Türkiye Finans Forumu
- Başbakan Yardımcısı Şimşek: (2) - "Özellikle bu yılın 8-9 ayında KGF etkisiyle büyük bir kredi genişlemesi var. Şimdi hızla normalleşiyor, hatta yakın dönem ortalamasının da altına inmiş durumda" - "Şu anda bizim karşı karşıya olduğumuz en önemli sorun enflasyonun hala kalıcı bir şekilde düşük tek haneye, yüzde 5'in altını kastediyorum, düşmemesidir. Bu sizin yatırım tercihlerinizi, tasarruf tercihlerinizi, dolarizasyonu her şeyi etkiliyor" - "Kim ne derse desin, evet, iniş-çıkışlar, stresler, şoklar, tartışmalar oluyor. Ancak Türkiye gibi ülkelerin geleceği parlak" - "Bugün Türkiye'nin çektiği doğrudan yatırımların rahat bir şekilde 2 katını, iyi bir senaryoda 2,5-3 katını çekebiliriz"
İSTANBUL (AA) - Başbakan Yardımcısı Mehmet Şimşek, özellikle bu yılın 8-9 ayında KGF etkisiyle büyük bir kredi genişlemesi olduğunu belirterek, "Şimdi hızla normalleşiyor, hatta yakın dönem ortalamasının da altına inmiş durumda." dedi.
Şimşek, Hürriyet gazetesi tarafından düzenlenen "Türkiye Finans Forumu"nun açılışındaki konuşmasında en büyük eksikliklerinin piyasalar olduğunu ve şu anda o piyasaları oluşturmaya çalıştıklarını söyledi.
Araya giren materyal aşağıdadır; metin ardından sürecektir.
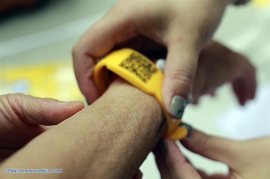 HUNAN, junio 3, 2017 (Xinhua) -- Una voluntaria ayuda a una mujer mayor a colocarse una pulsera con código de barras, en Hengyang, provincia de Hunan, en el centro de China, el 3 de junio de 2017. Utilizar un teléfono inteligente para escanear el código de barras sobre la pulsera ayudará a leer la información personal del titular. La pulsera está dise?ada para ayudar a las personas mayores en caso de que se pierdan y que sean incapaces de proporcionar información para contactar. (Xinhua/Liu Xiaofei)

Mehmet Şimşek, özellikle bu yılın 8-9 ayında KGF etkisiyle büyük bir kredi genişlemesi olduğunu aktararak, "Şimdi hızla normalleşiyor hatta yakın dönem ortalamasının da altına inmiş durumda. Dolayısıyla 'aşırı ısınma olacak mı?' sorusuna bu bir cevap. Bankacılık sektörünün en önemli sorunu kredi mevduat oranının çok yüksek olması. Kamu harcamalarının vergilerle finanse ettiğiniz ölçüde geleceğe daha emin adımlarla yürüyorsunuz ya, bankacılık sektörü de önemli ölçüde kredileri mevduatla finanse ediyorsa nispeten risk algısı daha düşük olur." diye konuştu.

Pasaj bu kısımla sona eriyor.